Electives make well-rounded students

Apr 17th, 2014 | By
| Category: 2014-17-04, Opinion, Spotlight, Spring 2014, Top Headlines

Written by: John Stephen 

As the frenzy and stress that accompanies the end of the semester descends like a weight upon campus, many students may question why they are required to take so many classes, especially electives that are not relevant to their major.

Electives, however, are not a waste of time; they are essential in building a student’s foundation for their college years, careers and all other post-college endeavors.

Electives help students discover the major and career path they want to pursue, and students need all the help they can get when choosing a major.

Half of the students who declare a major when first entering college end up changing it, according to Dr. Fritz Grupe of MyMajors.com, a site that assists students with college and career planning. UC Berkeley’s Career Center said these students will end up changing their major not just once but three to five times.

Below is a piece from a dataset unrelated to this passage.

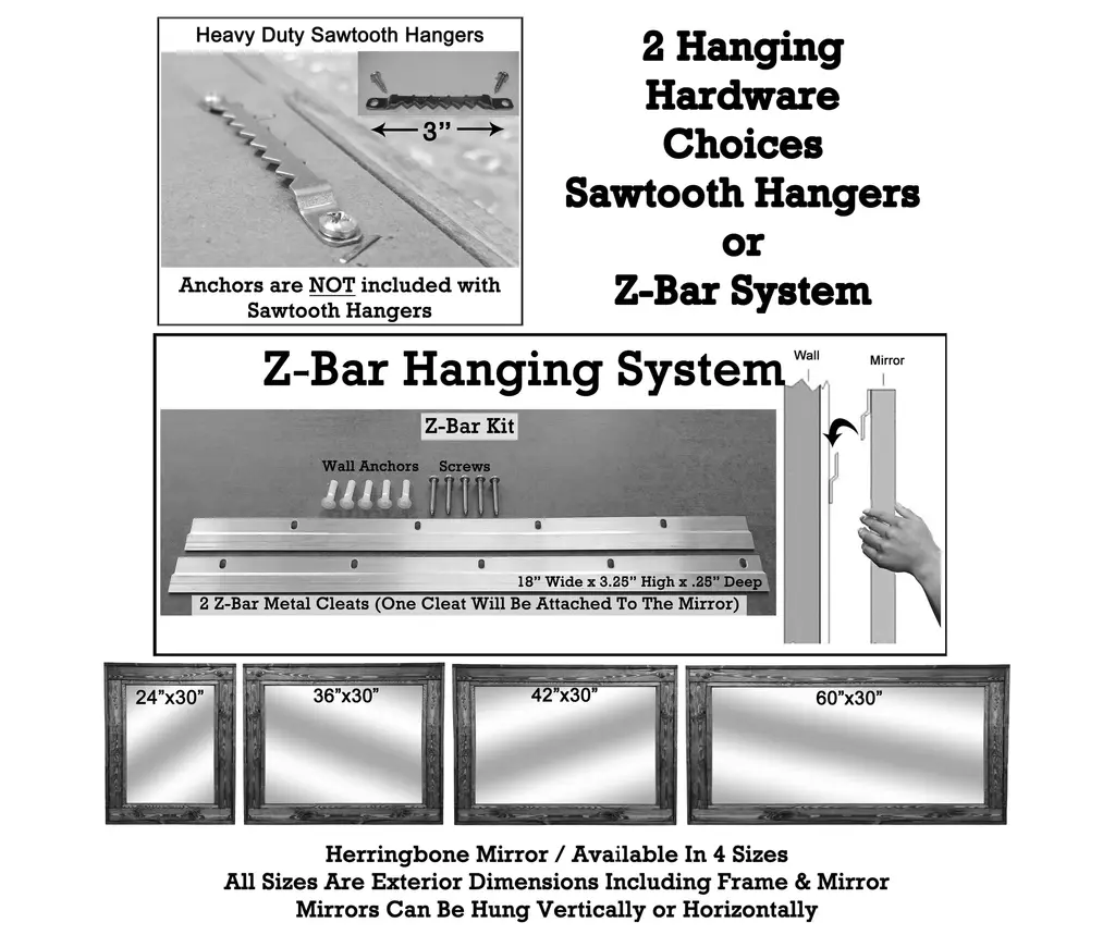 The Renewed Decor Herringbone Wood Framed Mirror was inspired from the old wooden window sashes from my childhood home. The frame is constructed from solid wood parts that are hand stained, distressed and carefully assembled to create a unique design. Our mirror has a reclaimed style that everybody loves and that will enrich your space.Our Herringbone Mirror is custom made to order, Handmade in Warrington, PA USA. This is NOT a mass-produced product. Made from USA sourced rustic reclaimed styled eastern white pine and premium quality 1/4 inch glass mirror.Available in 20 Paint Colors & 4 Paint Distress Levels. Not sure on color we do samples, message us for details.Available in 4 sizes 24” x 30”, 30" x 36”, 42" x 30" or 30” x 60”, frame width is 4 inches. Mirror sizes are listed according to exterior dimensions. Mirrors can be mounted in a horizontal or vertical hanging orientation. LOOKING FOR A DIFFERENT SIZE? We are always open to custom projects, please contact us for a quote.Choose either heavy duty saw tooth hangers or Z-bar Hanging System, Z-Bar hanging system is highly recommended for the 60" x 30" sizeOver the years we have developed specialized package material including custom made corners, premium quality burst resistant bubble padding and customized boxes to help us ship all over the world. We are proud to have well less than .05% shipping damage. If that rare event does occur and your mirror is damaged, we will replace or fully refund your purchase.

When students decide they are unsatisfied with their current major, electives inform students what options are available. They introduce students to a variety of fields and topics that they most likely would not experience if they were only required to take courses within their major.

Electives let students dip their toes into a certain pool of study, which is a chance to assess a major’s merits before diving completely into it. As a result, students are better prepared to make a wise, appropriate major choice.

Many students will choose a post-college career that is unrelated to their major. Electives provide students with basic knowledge on a myriad of subjects, and that knowledge may prove to be the key in snagging a job that isn’t connected to a student’s main area of study. Likewise, an elective course may give students access to a job field that would otherwise be restricted from them.

Electives don’t only help a student’s career; they also help to produce a well-rounded college graduate who flourishes in several different interests. A student may enter an elective class begrudgingly, mourning the fact that it is required, but come out of the same class with a newfound fascination, hobby or even passion.

The electives college students take will also widen their sphere of understanding through the exploration of different cultures, places, art forms, etc. Such learning makes students more aware and responsive to the rest of humanity.

The benefits of taking electives are numerous and wide-ranging, but many students fail to see them because these benefits aren’t reaped until after graduation; instead, students see yet another course to steal away their time and exhaust them with work.

No discipline, academic or otherwise, seems pleasant at the moment, but rather painful; however, later on such discipline provides many gains to those who are trained by it. While electives may seem to be a pointless, unnecessary way to spend time in college, they will prove to be profitable in many ways after those college days come to an end.